21:11:32tdlfbx:I'm just proposing to make that spent external resource be the external assets traded into the chain.
21:34:32andytoshi:tdlfbx: note that the blocks are supposed to commit to transactions ... so you have bidirectional commitments and there might be some fatal flaw in the details of that
21:35:13andytoshi:tdlfbx: other things to consider are "why are people incentivized to share the same history?" can you rate-throttle the number of histories to give everyone a chance to catch up? what happens in case of reorgs?
21:35:55andytoshi:these aren't fatal problems, but i recommend you try to write this up in some detail to see if it's workable
21:36:02tdlfbx:@andytoshi thanks, lots to think about. It's just an idea at this point.
21:36:32tdlfbx:I've been disappointed that the atomic-cross-chain trading seems to be stalled. (which would be required for this)
21:36:41tdlfbx:Despite the sidechains paper talking about it.
21:38:07andytoshi:tdlfbx: fwiw we don't know that it's impossible to do cross-chain swaps without needing bip62
21:38:26andytoshi:sorry, triple-negative ... i mean "it is an interesting problem to try and do swaps in a malleability-proof way"

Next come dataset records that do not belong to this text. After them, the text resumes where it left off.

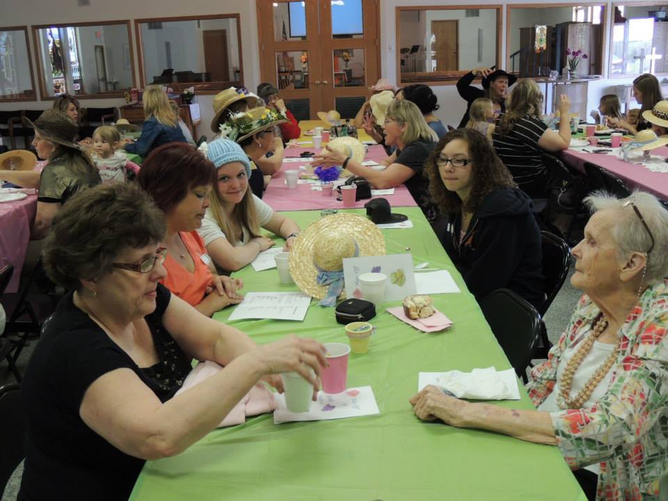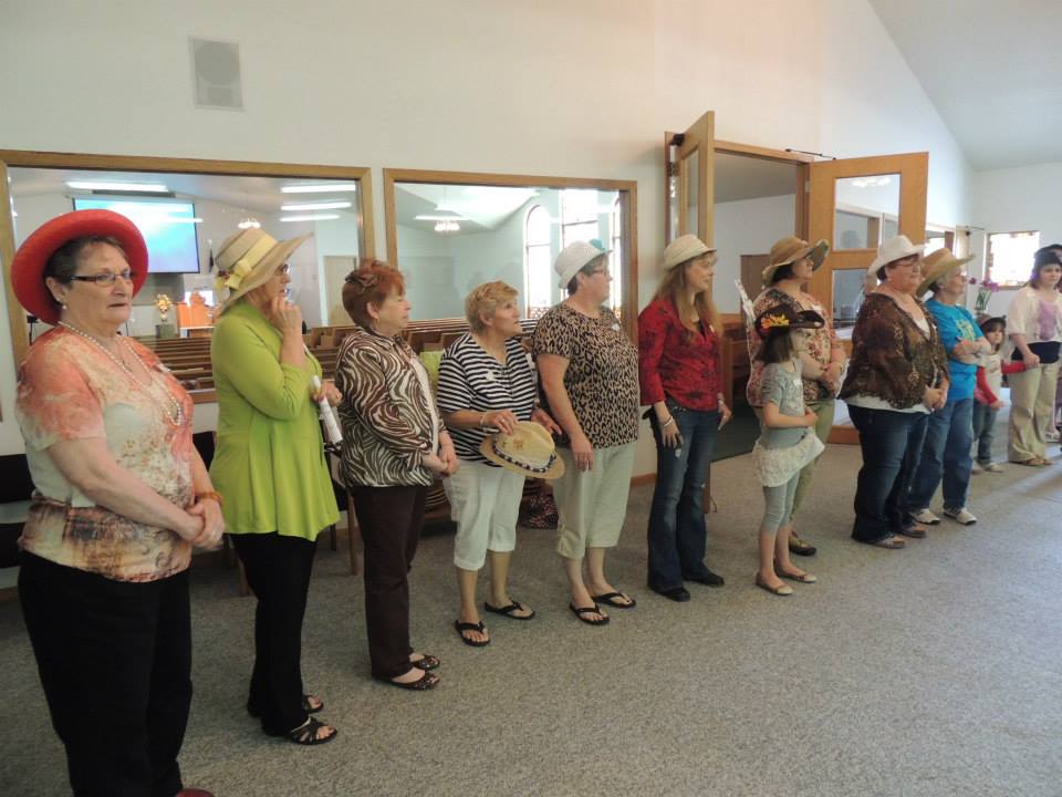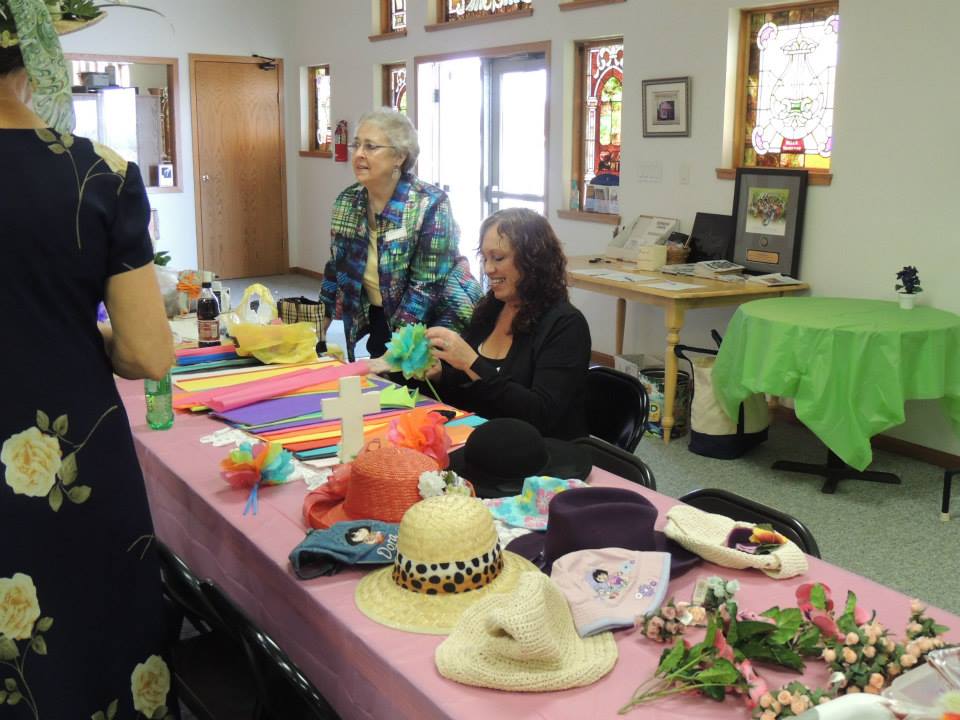 Our theme was Hats Off to Godly Mothers so we invited attendees to wear a hat of their choice to this event. What a wonderful time we had during the Hat Parade as hat-wearers shared why they chose the hat they wore! Guests then selected crafts to create – either a fragrant sachet, tissue paper flowers, or decorating handkerchiefs or hats with trinkets, charms, flowers, ribbons, and scripture. Before closing, mothers received gifts for certain categories – oldest, youngest, mother who raised the most children, who traveled the farthest, and the most unusual hat and to those who contributed in a special way to enhance the event. All young girls chose a beautiful hair-bow as their gift for coming.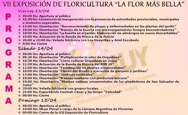 La Asociación de Productores de Plantas Ornamentales de Jujuy (APPOJUY), se prepara la tradicional exposición de floricultura, que se realiza en el Centro Cultural Manuel Belgrano. Este año tendrá lugar del 13 al 15 de abril y habrá un amplio programa de actividades.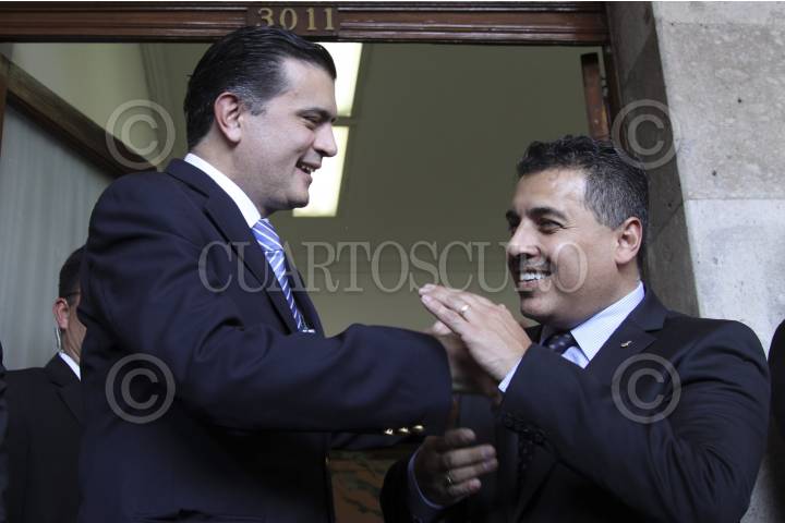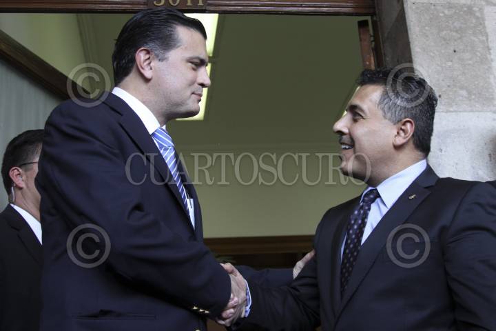ZACATECAS, ZACATECAS, 08SEPTIEMBRE2013.- Miguel Alonso Reyes, Gobernador de Zacatecas; César Camacho Quiroz, presidente nacional del PRI; Eruviel Ávila, gobernador del Estado de México; y César Duarte Jaquez, gobernador de Chihuahua; acudieron al tercer Informe de Gobierno del Gobernador de Zacatecas. FOTO: CUARTOSCURO.COM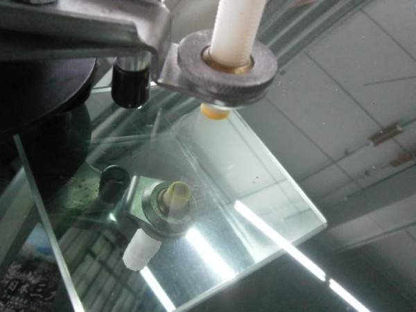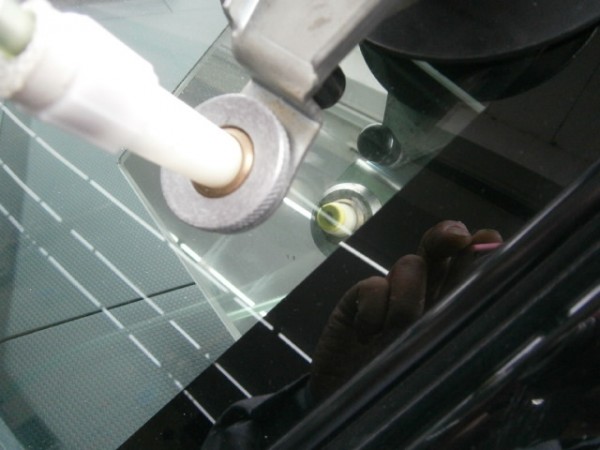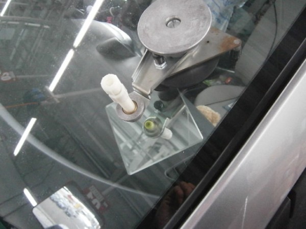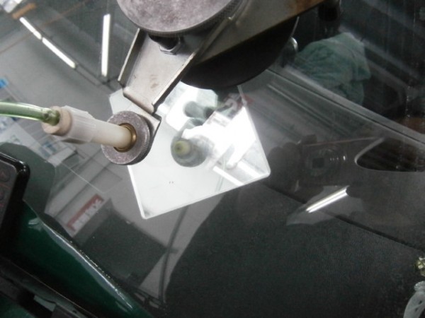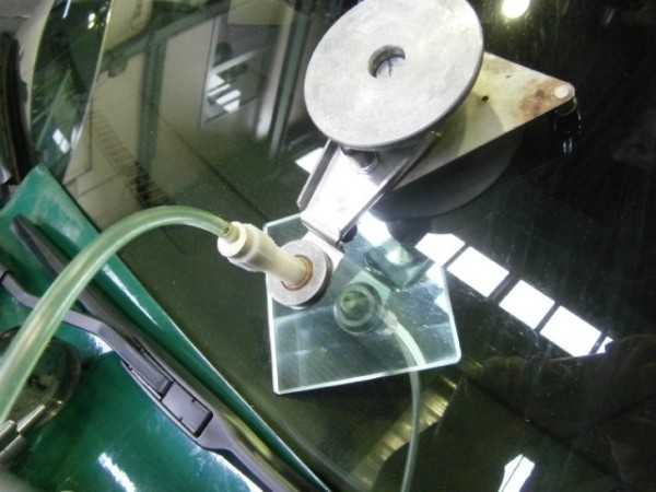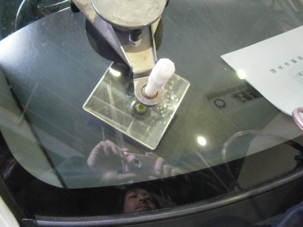 ガラス専用接着剤(レジン)もゆっくり加圧して行きます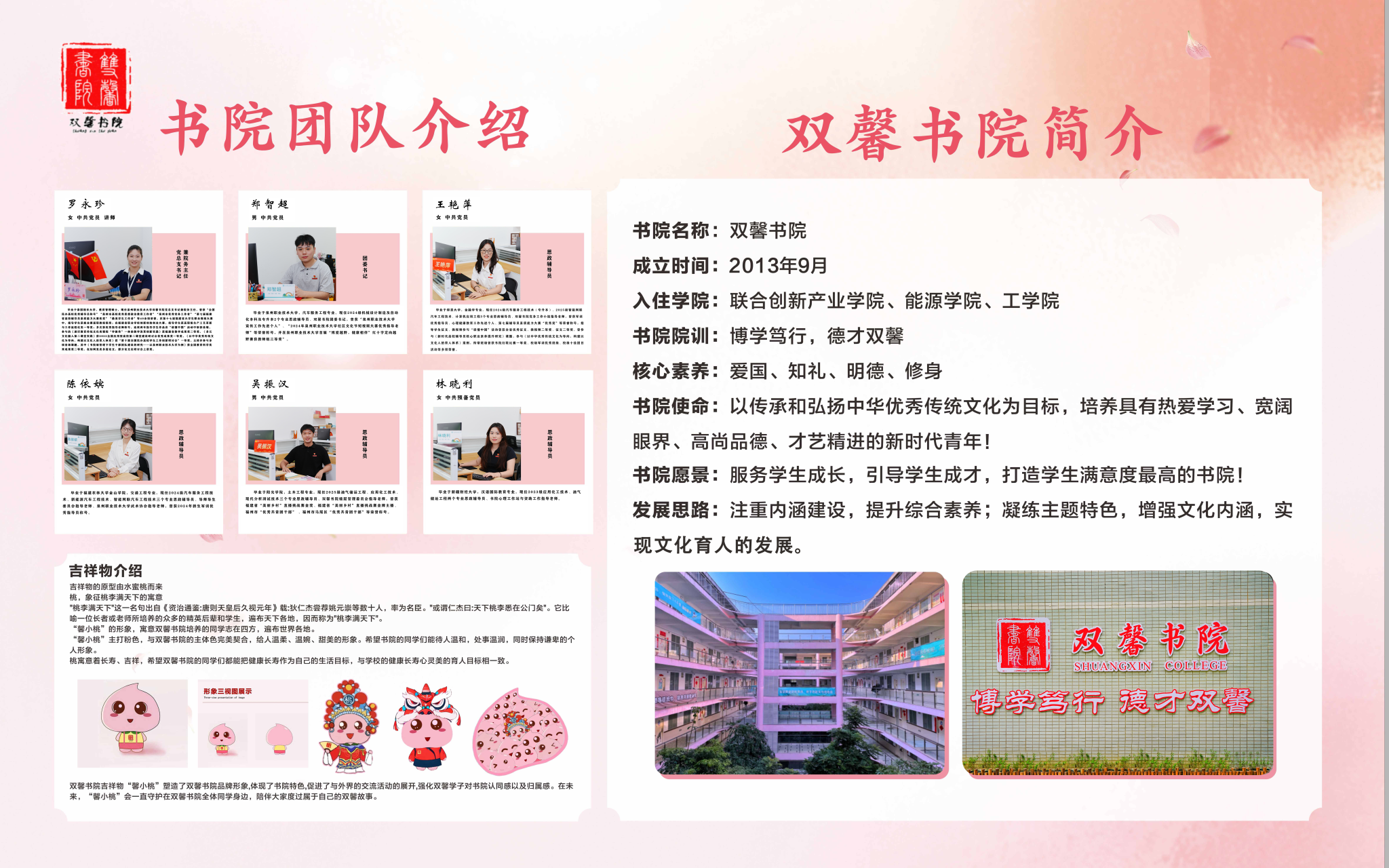 有关双馨 书院简介 师资团队 育人目标 规章制度 书院简介 当前位置: 书院首页 >> 有关双馨 >> 书院简介 双馨书院简介 书院名称:双馨书院 核心素养:爱国、知礼、明德、修身 书院院训:博学笃行,德才双馨 书院使命:以传承和弘扬中华优秀传统文化为目标,培养具有热爱学习、宽阔眼界、高尚品德、才艺精进的新时代青年! 书院愿景:服务学生成长,引导学生成才,打造学生满意度最高的书院! 发展思路:注重内涵建设,提升综合素养;凝练主题特色,增强文化内涵,实现文化育人的新发展。
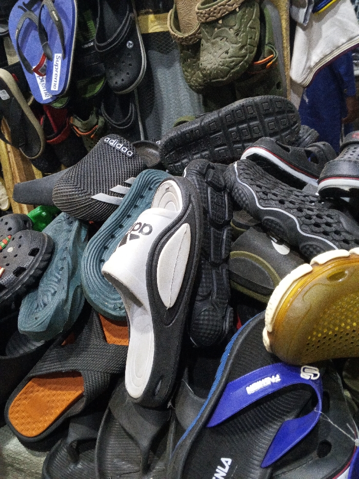 - "A disorganized heap of footwear, mostly sandals and clogs, fills the frame" by FM-f9W8F3, licensed under CC BY 4.0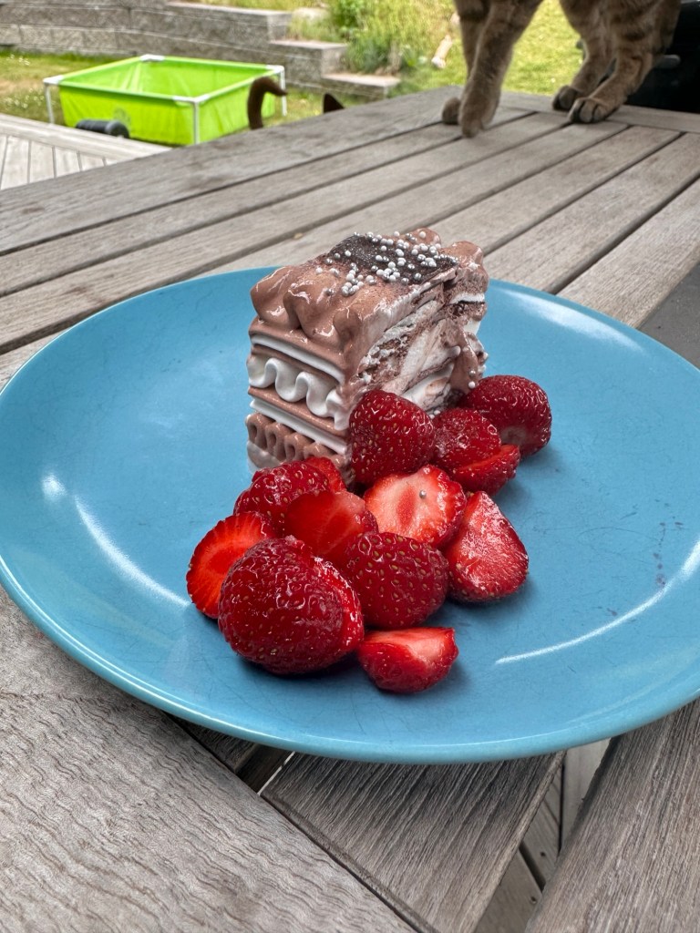 Nu har vi semester! Idag vid strax efter klockan 15 stängde jag av datorn och gick för att hämta barnen på förskolan och ta semester. Det var dessutom M:s sista dag på förskolan, till hösten börjar hon förskoleklass. Jisses så fort tiden går, vår lilla tjej börjar verkligen bli stor. Och snart inleds ett nytt kapitel i livet. För att fira hennes sista dag på förskolan, semester och sommarlov blev det glasstårta, jordgubbar och strössel.

21:38:29tdlfbx:There's a triple negative in that s...
21:38:32andytoshi::P
21:40:25andytoshi:the other problems of e.g. peer discovery and UI are things that are useful beyond cross-chain swaps, so those would also be great to investigate
21:41:05andytoshi:right now i am slowly defrosting my rust code to start work on wizards-wallet again, plus i have two research projects to do (one wizardly, one for school), so i have no time :(
21:42:09tdlfbx:Yes there are 1000 reasons I want to do cross-chain swaps, and i'm disappointed that they don't seem to be forthcoming.